He explained that each Eskom power station was required to maintain a minimum coal supply of 22 days at all times, and the monitoring system was designed to enforce this rule.
However, alerts showing that coal supplies were becoming inefficient were overlooked from as early as November 2007.
“It was an internally generated crisis, and the immediate consequences were that, according to its rules and regulations, Eskom declared an emergency, and what an emergency meant was that now you don’t have to tender coal; you have to buy it where it is,” Mbeki said.
“That immediately doubled the price of coal at Eskom overnight. It was deliberate; it was deliberately caused.”
Mbeki not aware of power cuts causes
As president at the time, Mbeki said he was unaware of the root cause of the power cuts and apologised during the State of the Nation Address.
“The first national breakdown, the national loadshedding, was in January 2008. I was president of the republic at the time.
“When I had delivered the State of the Nation Address, I had to apologise to the nation for whatever we had done as the government that was wrong, which had resulted in this loss of electricity.

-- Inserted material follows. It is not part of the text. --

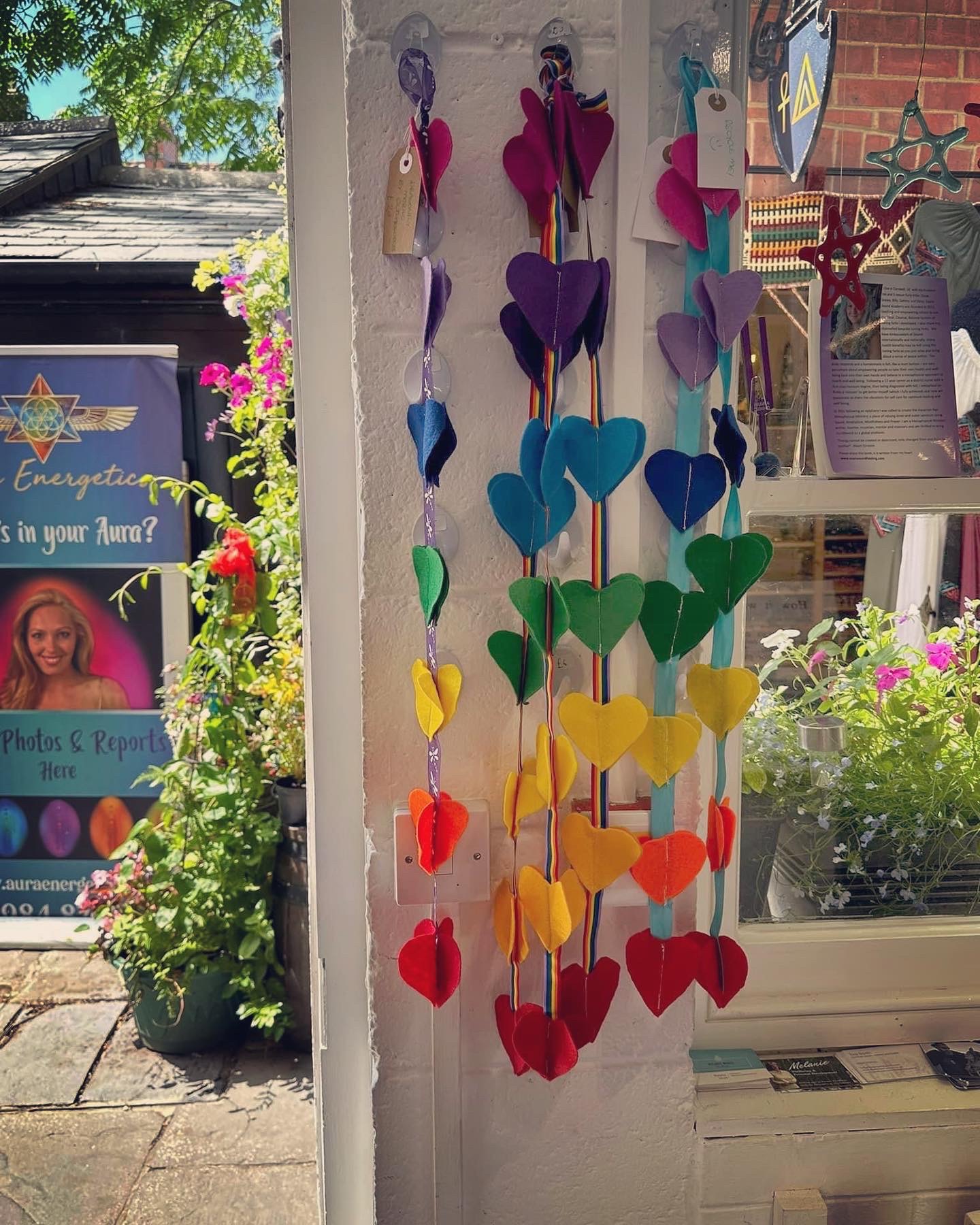 I researched the chakras, what they represented and what colours they were. (See previous post discussing this) I then thought it would be nice to offer love through my work because I like to show that I really treasure my customers and I want to manifest β¨loveβ¨in their lives and homes. The world needs more love and light in my opinion. So I started cutting several hearts from the felt and then arranged the coloured pieces on the strips of ribbon in the order of the chakras and whizzed them up on the sewing machine. I chose some rainbow coloured ribbon and some slightly wider lilac ribbon with dragonflies on. Both were significant to me because the chakra colours are included in a rainbow and it was also the time of year for many Pride celebrations π₯°ππ³οΈβππ
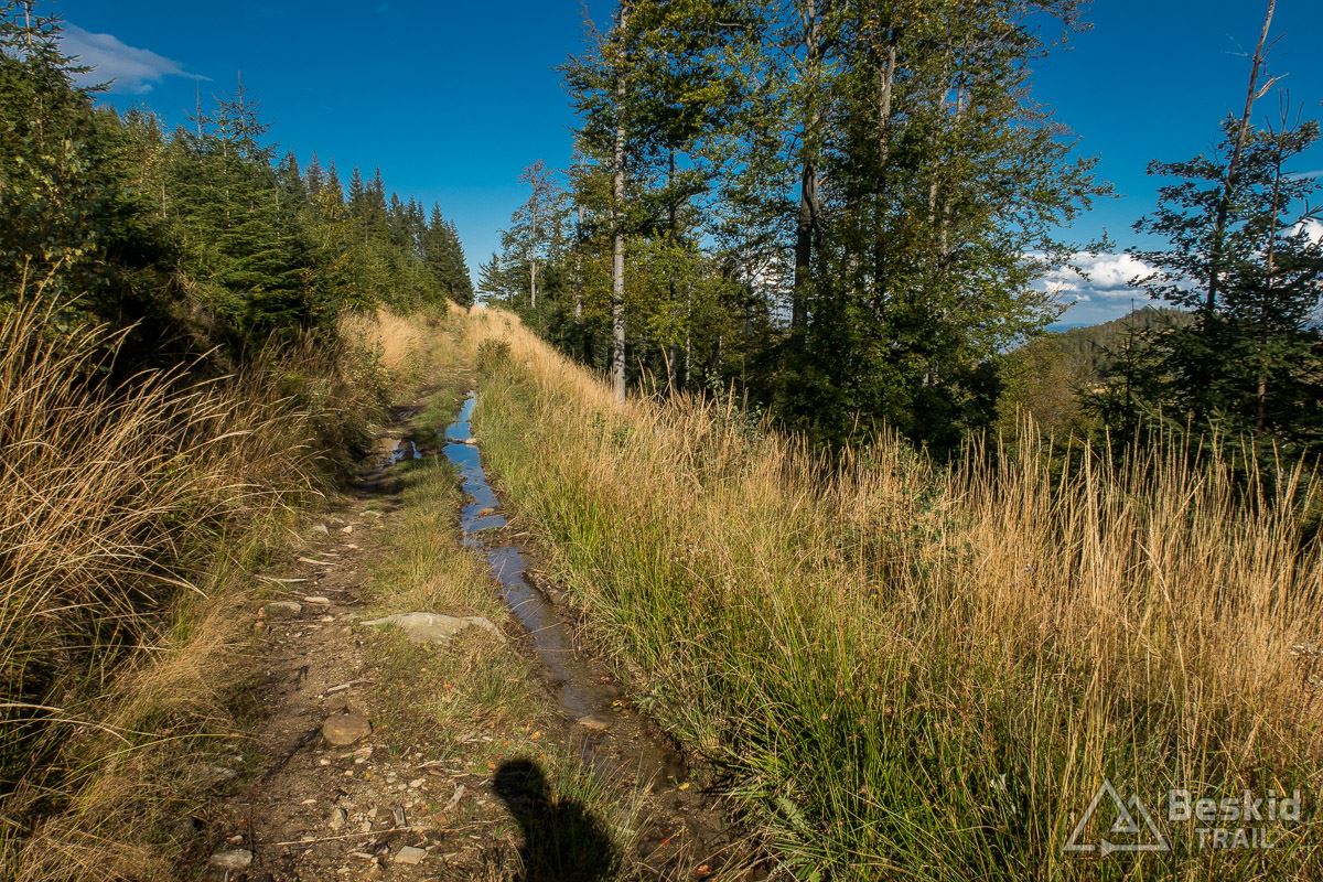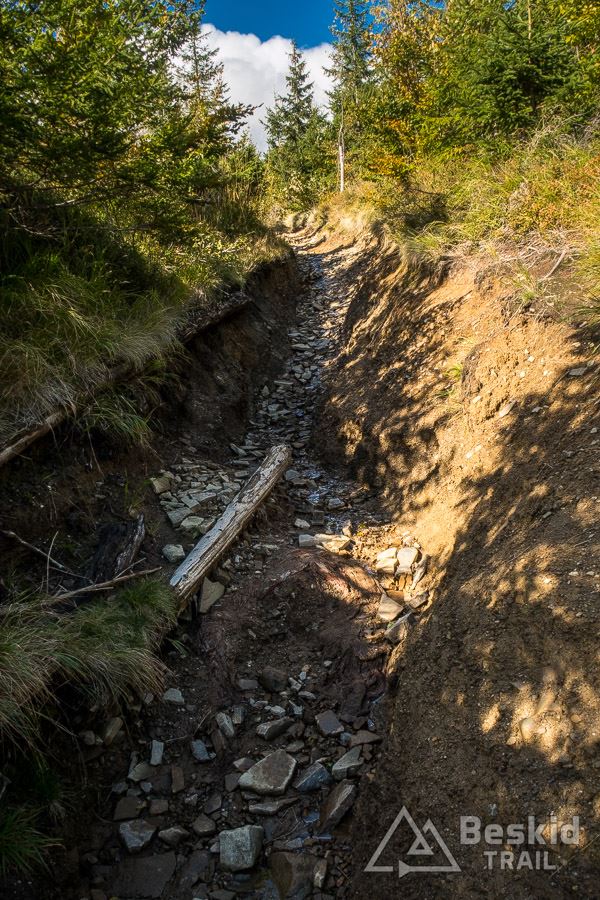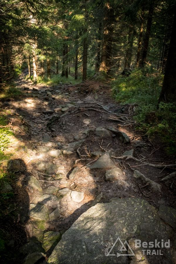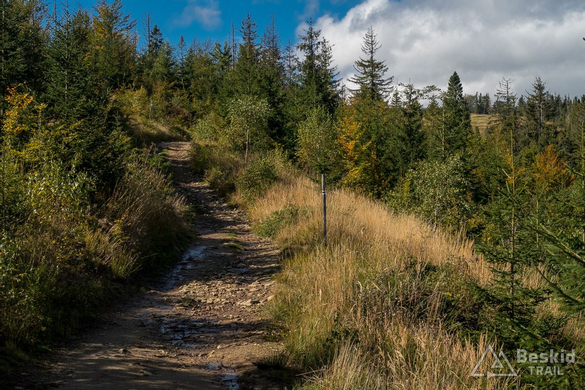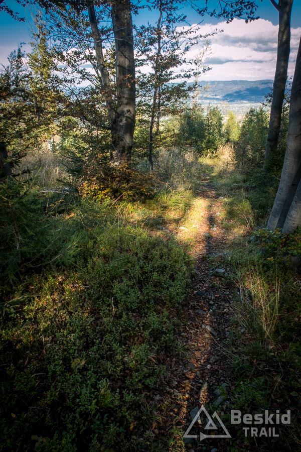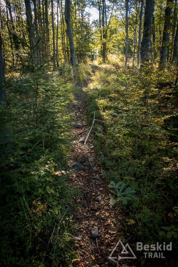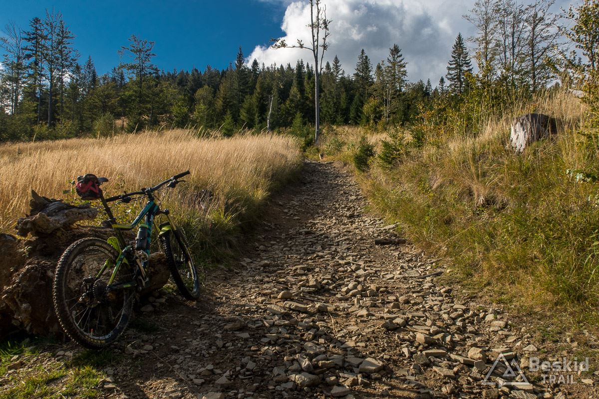 Z Magurki Radziechowskiej zjeżdżam początkowo zielonym szlakiem. Jego górny odcinek zdecydowanie jest charakterny, oj tak! Później nieco łagodnieje, ale wciąż wymaga uwagi. Warto! Odbijam nieco z niego, łatwo zdobywając Murońkę, by zdecydowanie niełatwą singlową ścieżką, stromo opadającą pośród borówek, zjechać do szlaku. Mała rzecz, a cieszy :).

We apologised because we didn’t know what had happened.
“I’m saying we apologised in January 2008 in the State of the Nation Address because we didn’t know this truth; this truth was dug out many years later by the Special Investigating Unit.”
According to IOL, Mbeki first made his public apology for the country’s blackouts related to Eskom’s loadshedding 18 years ago.
“Eskom was right, and the government was wrong,” the publication quoted Mbeki at the time while he was speaking at an ANC fundraising dinner in Bloemfontein, after indicating that the government had been asked earlier to invest more in electricity to keep pace with the country’s economic growth.